As we read in the second reading, the faith is something that gives hope.  Our faith is a journey towards a hope of things not seen. We do not have evidence as in the case with DNA or fossil records, but our minds and hearts tell us that our faith is not in vain. Even in science, scientists believe ideas without having evidence.  They rely on the law of parsimony which allows them to accept the best conclusion possible. We may not see a God hovering up over the earth on a throne or angels flying about, but we know based on our faith and what I call the “hints in nature” that there is a God (Romans 1:20).  My book, “Atheism Is Stupid” goes more into detail in this and I advise you to get a copy so that you can see why faith is important and why nothing in science disproves God.  Faith to us is a deep trust in God.  It is a relationship. Atheists love to mock theists regarding the idea of faith.

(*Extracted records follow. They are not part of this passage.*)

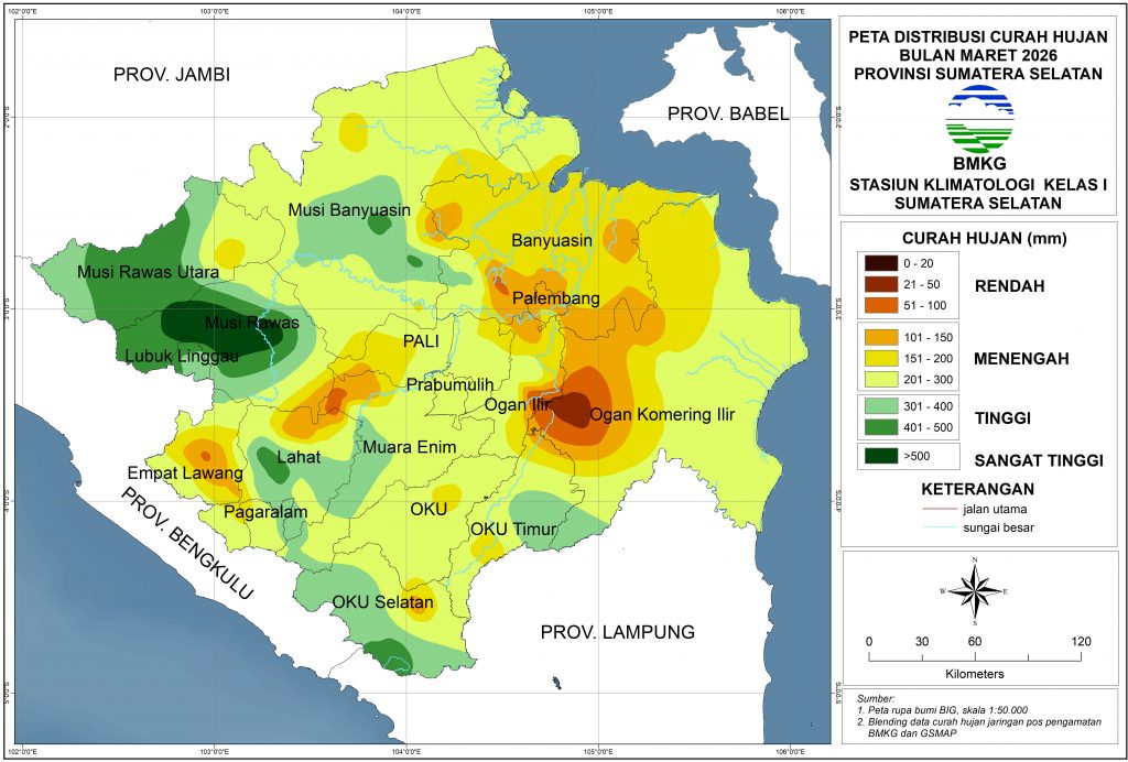 Pada bulan Maret 2026, distribusi curah hujan di sebagian besar wilayah Sumatera Selatan berada pada kategori Menengah (101–300 mm). Curah hujan dengan kategori Tinggi (301-500 mm) hingga Sangat Tinggi (>500 mm) terjadi di sebagian besar Musi Rawas, Musi Rawas Utara dan OKU Selatan, sebagian kecil Musi Banyuasin, Banyuasin, Lahat, Muara Enim, Pagar Alam, OKI, OKU Timur. Sedangkan curah hujan dengan kategori Rendah (21-100 mm) terjadi di sebagian kecil Muara Enim, Banyuasin, OKI dan Empat Lawang.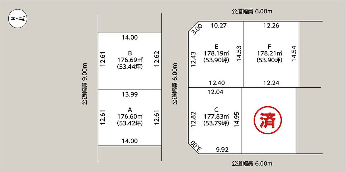 | 駐車場 | - | 道路の幅員 | 公道9.00m/公道6.00m |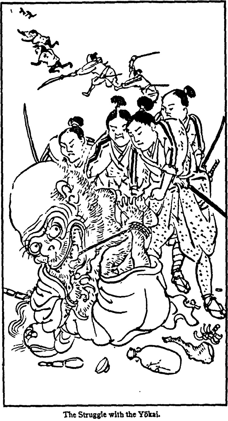 However many heads he has doesn't matter, for "I am the descendant of the gods, and I cannot give way before a monster like that." From Fairy Tales from Far Japan translated by Susan Ballard, 1908.

They think of it as a religious person blindly following ideas without proof.  This is not what faith is.  Faith is not like, “hey I am going to just believe this” and not ask questions.  Instead, faith drives us to ask questions and seek more knowledge of God and the teachings of the Church.  This faith draws us to think and do things that the world does not understand because it dwells on what is immediately tangible by the senses (1 Corinthians 2:14).  Our faith must be a living organ in our lives, so to speak.  It must not be something we do on Sundays or holy days of obligation.  Faith is not something that must be done “in private.” If we use our faith as a part-time thing, we run the risk of being that faulty servant which Jesus speaks to us about in the Gospel.

In the Gospel,  Jesus tells the disciples that they must not be afraid and must make radical changes in their lives.  This change includes and is not limited to, helping others, detachment from material goods, and a desire to be able to enjoy the treasures of heaven.  We must not be like the servant who was left in charge only to abuse others and lead by bad example.  Our faith must be authentic and not abused (Matthew 6:5).  Christ can come at any moment like a theif in the night(1 Thessalonians 5:2).  This is why we must be on alert doing the right thing by living out our faith with sincerity and zeal.  Our salvation truly depends on this commitment.  We must not be like the one who grabs the plow only to look back (Luke 9:62).  If we decided to follow Jesus, we must continue and not look back.  Each one of us plays an important role in the Church (1 Corinthians 12:12-26 ).  We cannot leave the work of faith to the clergy and sit back. Rather, we must utilize our roles in life to increase the faith in ourselves and in others.  If we do this, then we will be the good servant that takes care of the master’s house.  Let us continue to grow in faith and promote it.  We must not hide this light that was given to us. Like in the Olympics, we must hold the torch of faith up high so the world can see. We must fight the good fight and finish the race so we can receive the crown that never fades (1 Timothy 6:12, 1 Corinthians 9:25).  May Jesus Christ be praised!